In October 2002, the company filed for protection under Chapter 11 bankruptcy laws. It had placed less than 100 instruments over the past several years. The company has downsized significantly and its future plans are uncertain.
Careside’s attempt to bring a point-of- care testing solution to the physicians’ office market is instructive on several points. In speaking with a variety of experts about its use in physicians’ offices, THE DARK REPORT identified three main problems.
First was cost. The instrument itself was relatively expensive for the specimen volume it could handle. That was equally true of the cartridges required to run the tests. Because it was a new company and lacked manufacturing economies of scale, it could not offer more competitive pricing.
Second, in actual use in physicians’ offices, the Careside Analyzer proved to be more complex than anticipated. Since throughput was slow, it was difficult for multiple users to share one instrument.

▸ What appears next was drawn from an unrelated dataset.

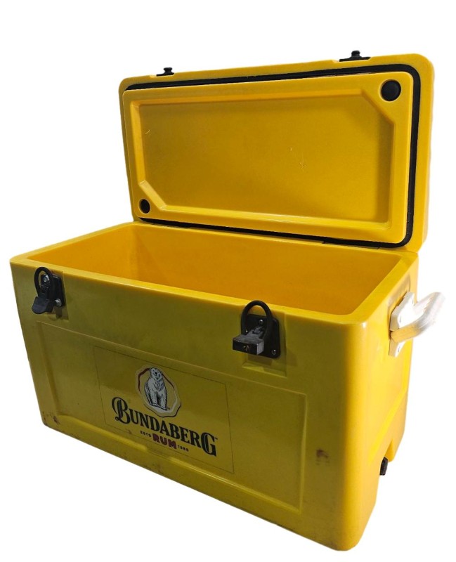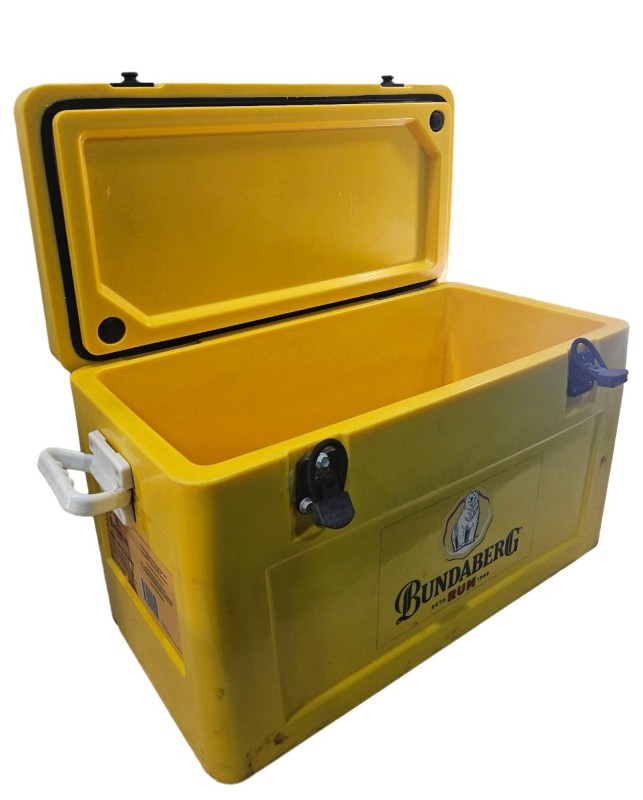 This vintage Bunderberg rum-branded 47L yellow esky is a reliable companion for your outdoor adventures. Its durable construction and generous capacity make it ideal for keeping your food and beverages chilled during camping trips, picnics, or tailgating events. With its well-used but still functional condition, this esky offers excellent value for money as a secondhand purchase.

The third issue is quite fascinating and involves proficiency testing. It took Careside a long time to develop an effective proficiency testing network among its users. Without this type of resource, and in combination with the recognized problems of the early generation’s software and hardware, this made the product vulnerable during the early stages of its market introduction.
These observations demonstrate that introducing more sophisticated diagnostic testing technology into physicians’ offices remains a tricky proposition. Physicians need simplicity, reliability, and productivity from a near-patient testing solution. Careside’s solution was a credible attempt to meet these requirements, but the product did not meet the expectations of its prospective physician customers.